Hoover is turning into an even more amazing catfish lake with the introduction of the blues. Already an incredible fishery for channels and the occasional flatheads. It will be interesting to see what happens in the next 5 yrs with it.


----------



## USMC-BUCKEYE (Apr 2, 2010)

What a cute little fish


----------



## camaroman (May 17, 2009)

I can't wait until the blues get even bigger in a few years!! USMC-BUCKEYE
the blue was actually caught on cut Smallmouth.


----------



## camaroman (May 17, 2009)

That is a joke... I would never harm a Smallmouth bass.


----------



## jwfish (Jan 28, 2005)

Yep its a blue man those things are getting big quick.Once they start getting that big and eating all those gizzard shad they will grow even faster.Nice fish


----------



## acklac7 (May 31, 2004)

Looking forward to seeing those monsters in the Scioto here in the next 3-5 years. Mark my word, they will get down there, and they will get BIG.

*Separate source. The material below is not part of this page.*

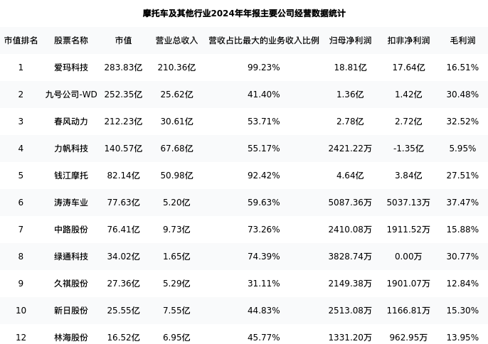 林海股份最新报告期数据为年报,下表汇总了摩托车及其他行业内市值靠前的公司年报主要经营数据

Hats off to the DNR. Absolutely can't say enough good things about them. Angling in Central Ohio is literally being taken to the next level.

By the way, I would have called channel immediately too, just based on how big it was. I didn't think Blues grew that fast 

Great fish, Great Report.


----------



## freshwater_newb (May 16, 2013)

Great looking fish!

At least now I have an excuse for all the crappie I haven't caught this year. That monster ate them all.

Congrats!


----------